::: INFORMATION PROVIDED

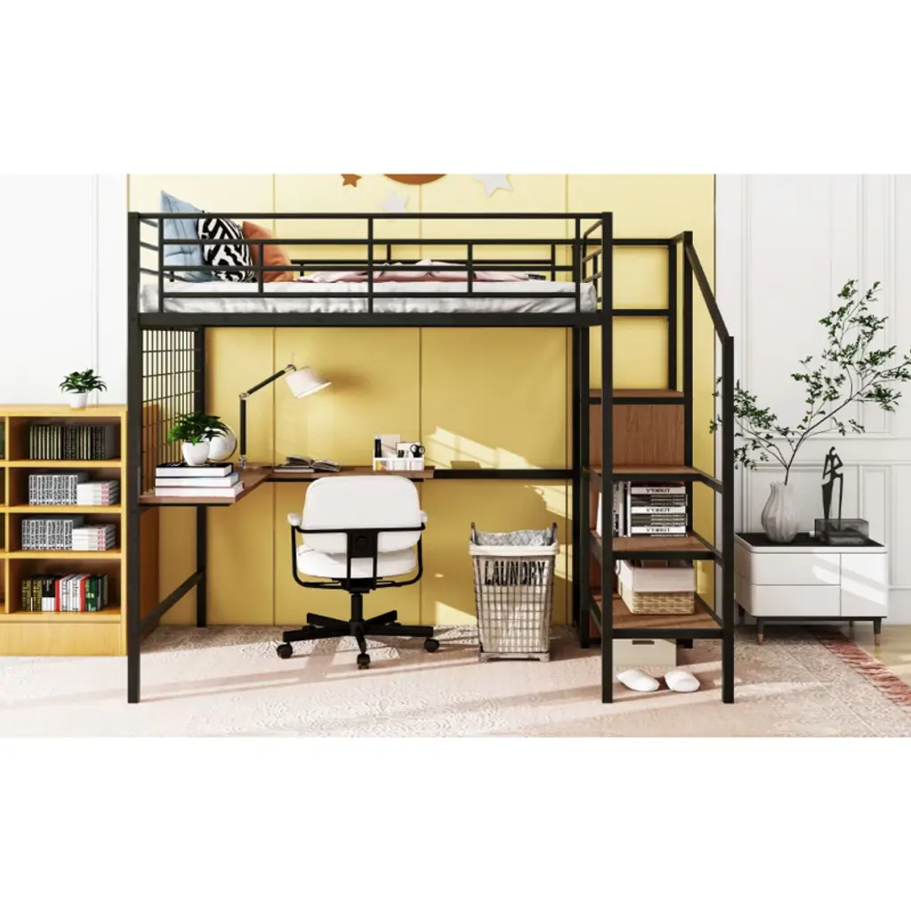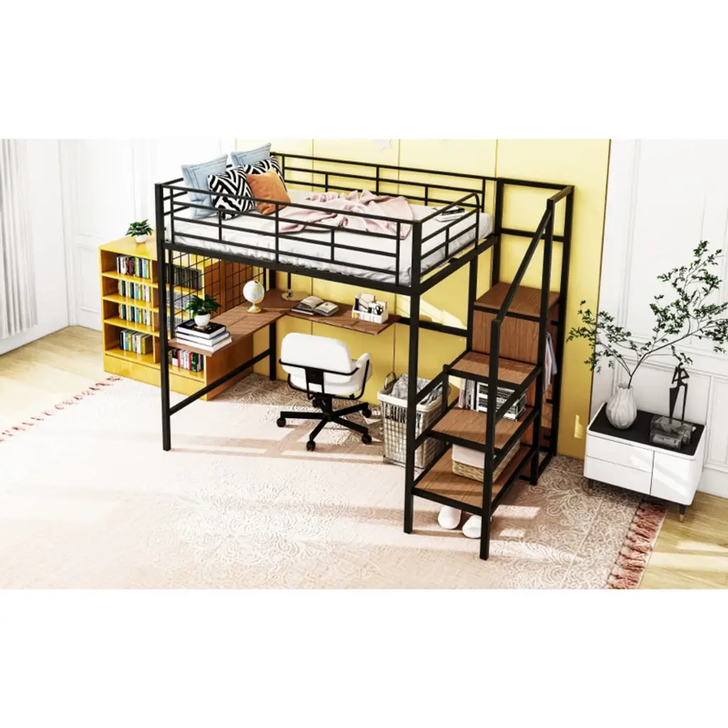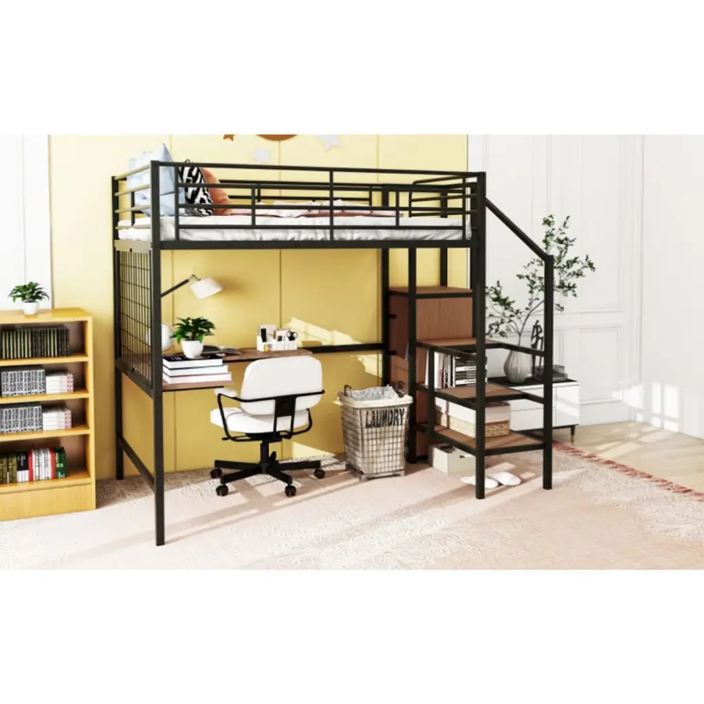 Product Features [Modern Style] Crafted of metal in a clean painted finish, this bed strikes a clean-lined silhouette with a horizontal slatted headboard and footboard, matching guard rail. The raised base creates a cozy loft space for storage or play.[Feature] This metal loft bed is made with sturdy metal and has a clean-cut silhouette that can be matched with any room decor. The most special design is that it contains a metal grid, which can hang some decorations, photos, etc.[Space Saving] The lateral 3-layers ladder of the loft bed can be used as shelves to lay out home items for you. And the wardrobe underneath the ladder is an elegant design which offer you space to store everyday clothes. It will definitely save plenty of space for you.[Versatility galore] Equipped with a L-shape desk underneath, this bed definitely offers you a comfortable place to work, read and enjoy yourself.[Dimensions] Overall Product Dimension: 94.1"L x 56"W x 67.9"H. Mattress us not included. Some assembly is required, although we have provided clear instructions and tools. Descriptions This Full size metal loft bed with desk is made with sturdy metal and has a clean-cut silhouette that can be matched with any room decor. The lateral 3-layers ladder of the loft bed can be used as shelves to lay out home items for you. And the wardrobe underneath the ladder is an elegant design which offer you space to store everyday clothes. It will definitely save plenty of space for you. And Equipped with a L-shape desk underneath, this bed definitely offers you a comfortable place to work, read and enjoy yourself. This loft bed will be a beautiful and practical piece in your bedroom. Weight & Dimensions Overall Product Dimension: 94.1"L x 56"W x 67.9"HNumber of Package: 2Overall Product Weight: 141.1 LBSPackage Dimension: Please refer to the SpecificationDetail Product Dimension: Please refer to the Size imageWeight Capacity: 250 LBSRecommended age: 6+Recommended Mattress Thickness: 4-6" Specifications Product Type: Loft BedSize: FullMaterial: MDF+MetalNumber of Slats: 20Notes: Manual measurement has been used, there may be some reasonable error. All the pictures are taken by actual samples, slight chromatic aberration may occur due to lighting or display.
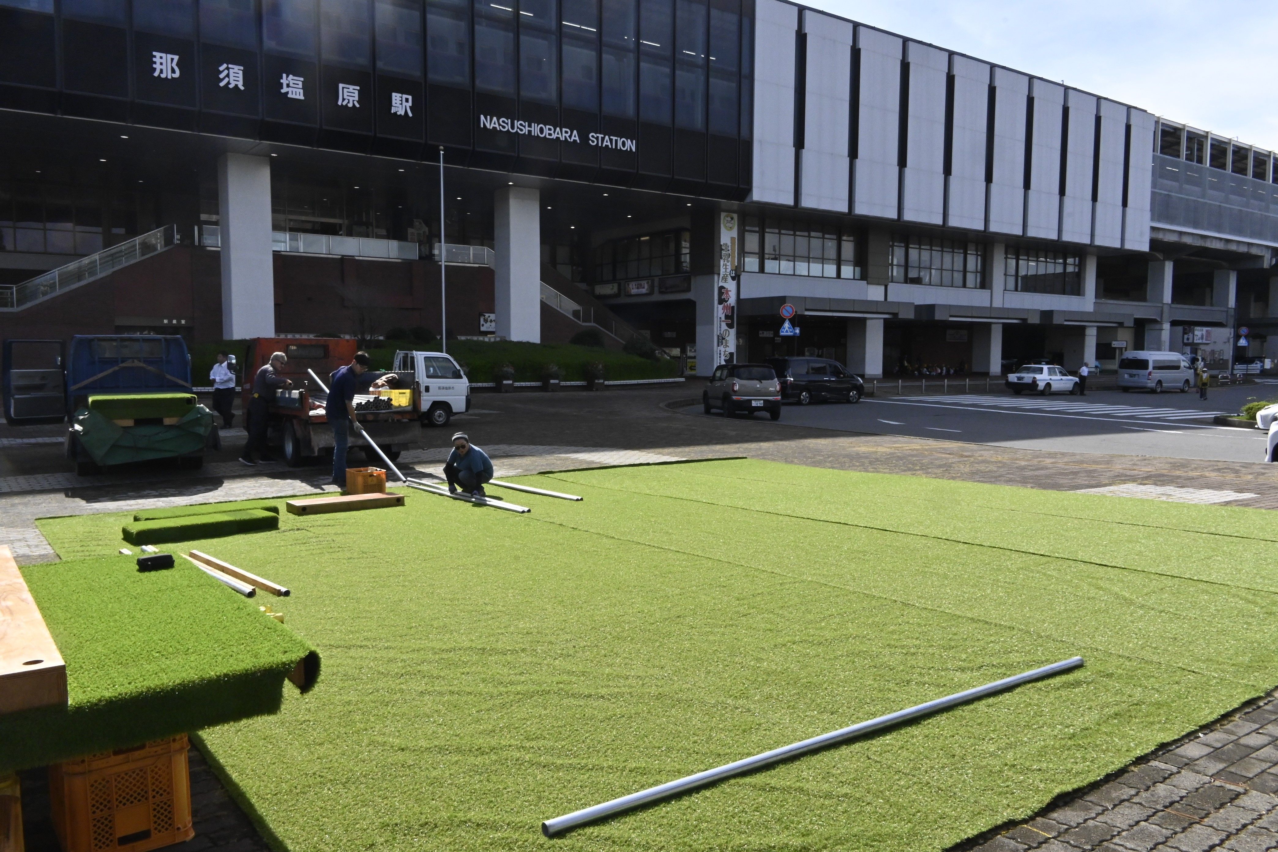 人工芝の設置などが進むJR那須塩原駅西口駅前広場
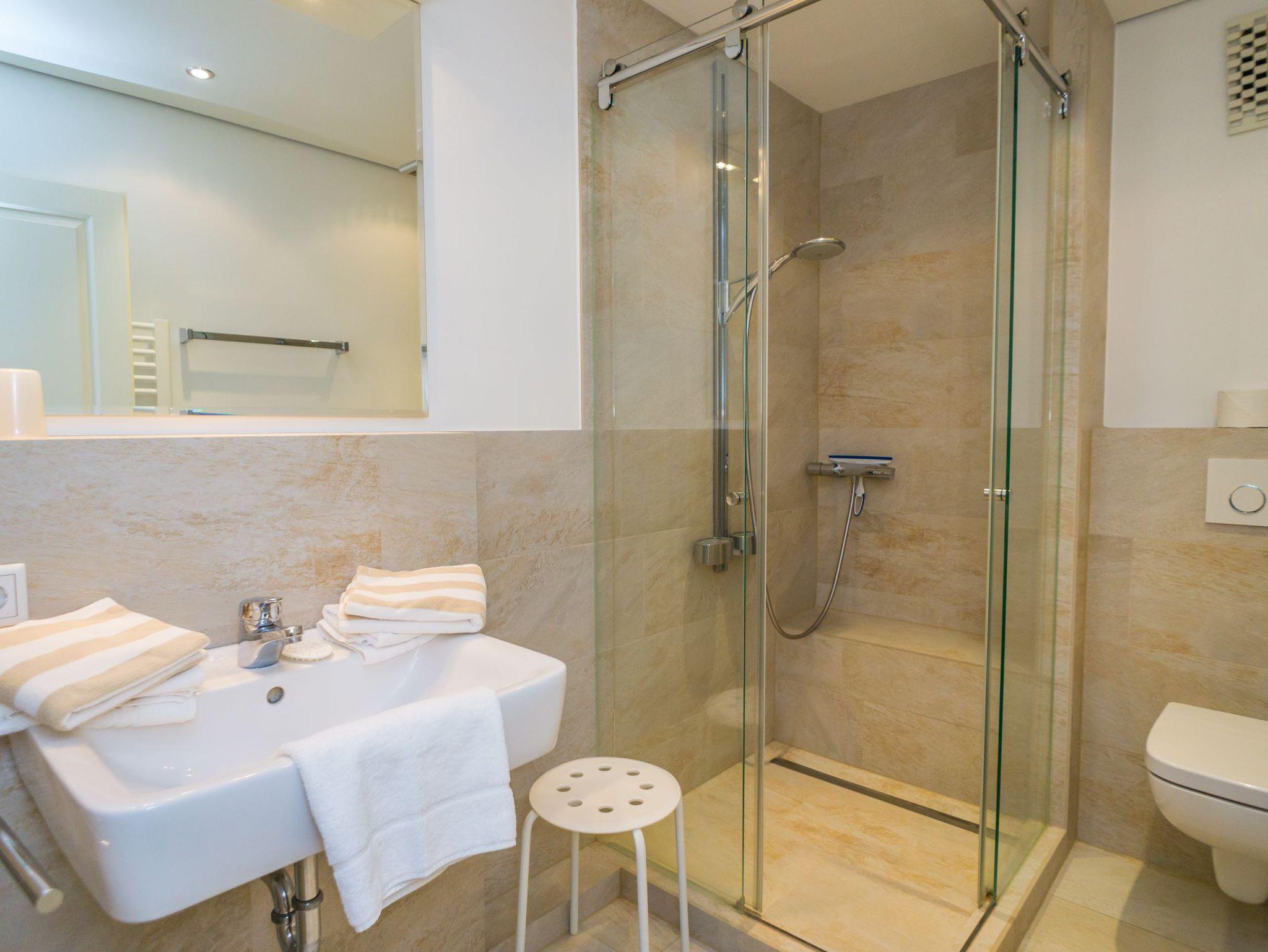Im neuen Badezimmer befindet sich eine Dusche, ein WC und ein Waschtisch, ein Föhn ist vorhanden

::::::

Begin at the line containing "人工芝の設置などが進むJR那須塩原駅西口駅前広場" and restate exactly every line through the end of the material, skipping the pictures.

> _EXERCISE SOLUTION_:
 人工芝の設置などが進むJR那須塩原駅西口駅前広場
Im neuen Badezimmer befindet sich eine Dusche, ein WC und ein Waschtisch, ein Föhn ist vorhanden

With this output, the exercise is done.